MW: Both RVLS and Chandler Juliet are phenomenal artists that I have a lot of respect for. But I think what had a great impact in my career was the music video director I worked with in Canada – Pierre-Luc Bucher. He was the person that took a risk in hiring someone new to the industry as his production manager and assistant director, and he respected me in my position to do my job. Having someone believe in you at the beginning goes a long way to that person’s career, and I’m thankful for having that.

What projects are you currently working on or have coming up?

MW: Chandler and I are putting the last touches on her upcoming video The World’s Not Ending and we’re pretty excited to release it. I also will be running a video competition for an NGO on water awareness, which I’m really excited about.

What are your plans for the future?

MW: Hopefully more music, video games, and music videos.  I can’t have enough of it in my life.

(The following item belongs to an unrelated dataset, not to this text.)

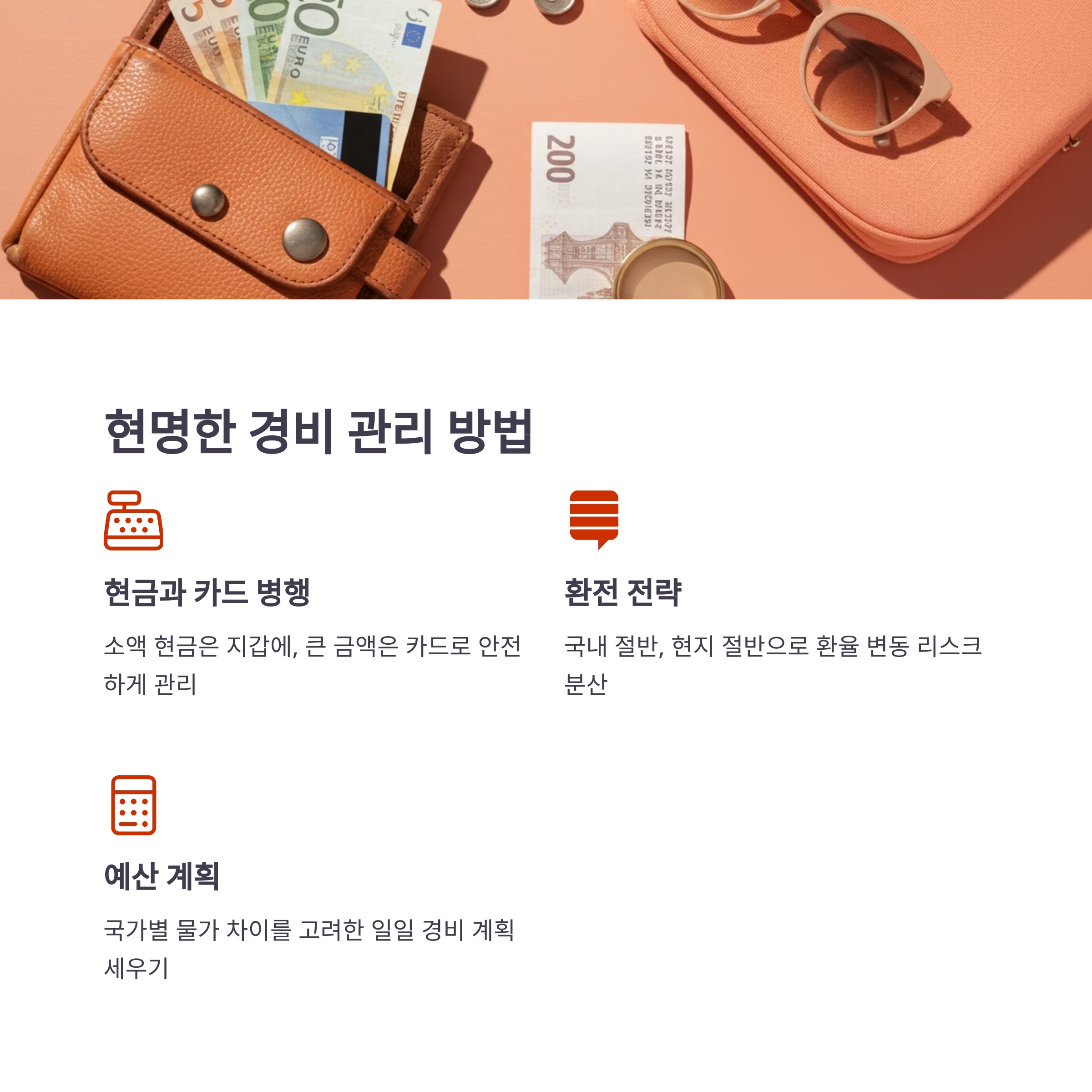 유럽 여행에서 효율적인 경비 관리는 여행의 질을 좌우합니다. 현금과 카드를 적절히 조합해 사용하는 것이 좋아요.

I hope I get to do more projects and collaborate with some awesome artists.

Why music videos instead of films or television programs?

MW: It’s the perfect place for me to work with my passions. I get to mix music with visual productions, and I love everything about that. It’s also the fact that the productions are so short, that you have the flexibility to constantly do different projects, and work with different artists. It’s the perfect balance!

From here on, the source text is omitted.